Hello Neighbor è nato come videogioco horror nel 2017 ed è poi stato pubblicato anche per PlayStation 4 e Nintendo Switch nel 2018.

Si tratta di un videogame di strategia con una trama semplicissima: un ragazzino si è appena trasferito in un quartiere molto carino, pieno di villette e giardini; un giorno, mentre sta giocando a pallone davanti casa, sente delle grida provenire dall’abitazione del vicino, un losco tipo con i baffi, e dalla finestra scorge l’uomo che sta cercando (forse) di zittire qualcuno. Pensando che nella casa ci sia un ostaggio, il ragazzo decide di indagare.

Da qui inizia l’avventura del giocatore che dovrà tentare di intrufolarsi in tutte le stanze del tipo per scoprire chi (o cosa) nasconde, stando attento a non farsi prendere! La storia ha un buon incipit, ma lo sviluppo ed il finale sono stati poco curati: non esiste un vero e proprio scopo del gioco e abbiamo pochissime indicazioni per procedere nell’avventura. Analizziamo il tutto in maniera più approfondita.

Hello Neighbor

Descrizione del gioco

  • Genere: videogioco stealth, survival horror;
  • Modalità di gioco: giocatore singolo, in prima persona;
  • Durata: non più di 3 o 4 ore;
  • Piattaforme: Android, PlayStation 4, Nintendo Switch, Microsoft Windows, Xbox One, iOS;
  • Periferiche di input: gamepad, mouse, tastiera, Joy – Con, DualShock 4.

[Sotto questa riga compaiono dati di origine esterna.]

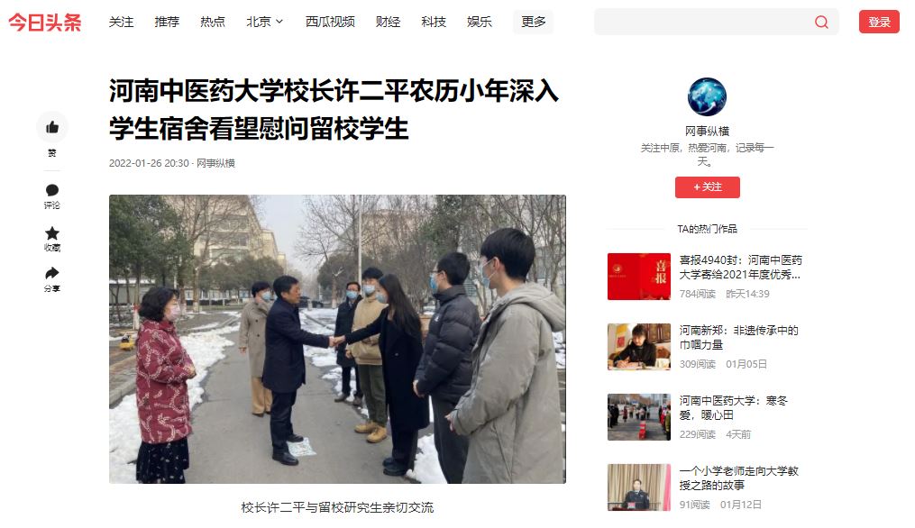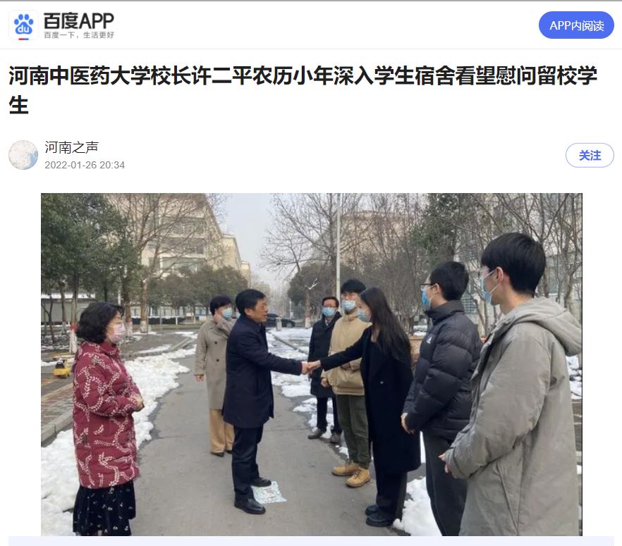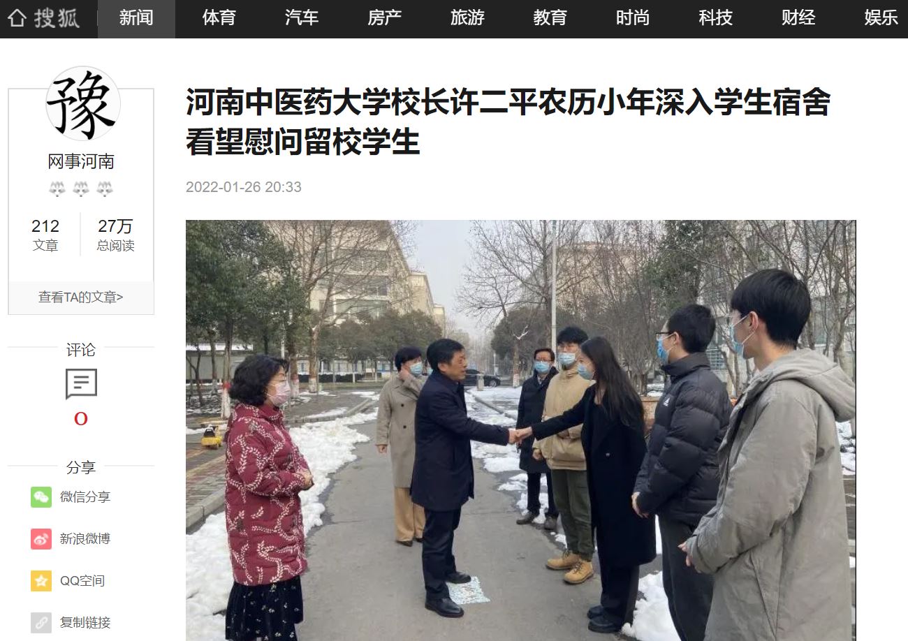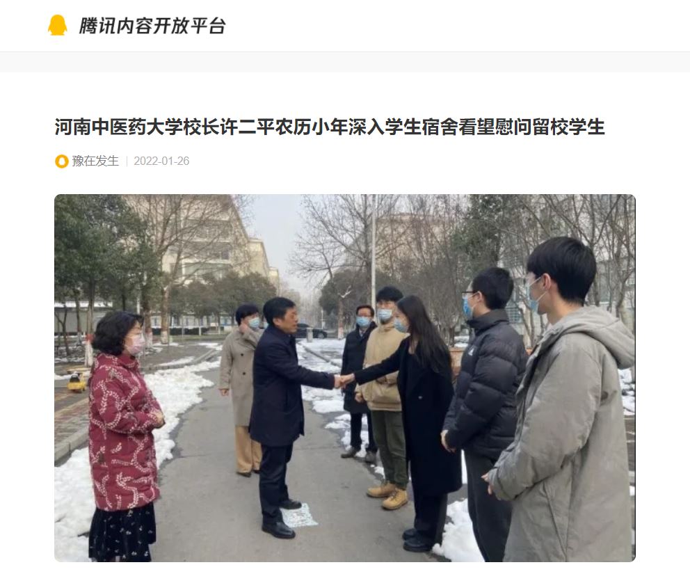2022年1月26日,今日头条、百家号、搜狐号、腾讯内容开放平台对我校校长许二平农历小年深入学生宿舍看望慰问留校学生进行报道。

Quali sono i PRO e CONTRO?

C’è da dire che in Hello Neighbor l’idea di base non è affatto male, poiché nei primi minuti si possono avvertire quelle sensazioni di ansia e mistero che ci aspettiamo da un survival horror. Subito dopo, però, ci accorgiamo che di spaventoso c’è ben poco!

  • L’ambiente circostante è colorato, luminoso e tranquillo;
  • Gran parte della casa è illuminata;
  • Non abbiamo armi, possiamo solo scagliare oggetti;
  • Se lo psicopatico ci acchiappa non succede niente: si torna all’inizio del livello, ma non perdiamo i progressi fatti;
  • Se siamo scoperti a frugare per casa, basta essere pronti a scappare;
  • Non ci sono effetti speciali particolari e lo stile cartone animato rende il tutto molto leggero (caricature dei personaggi);
  • Spazi non realistici.

Ci sono, comunque, anche alcuni aspetti interessanti:

  • I puzzle da superare sono intelligenti;
  • Possiamo raccogliere oggetti, lanciarli o utilizzarli, aprire porte, rompere finestre, salire sul tetto, nascondersi negli armadi o sotto i letti;
  • L’intelligenza artificiale del nostro avversario è buona: può memorizzare le porte che usiamo di più per entrare in casa sua, i percorsi che facciamo e gli oggetti che spostiamo; può piazzare trappole, fare agguati e rincorrerci;
  • Per imbrogliarlo dobbiamo usare delle strategie precise: il trucco è usare la testa!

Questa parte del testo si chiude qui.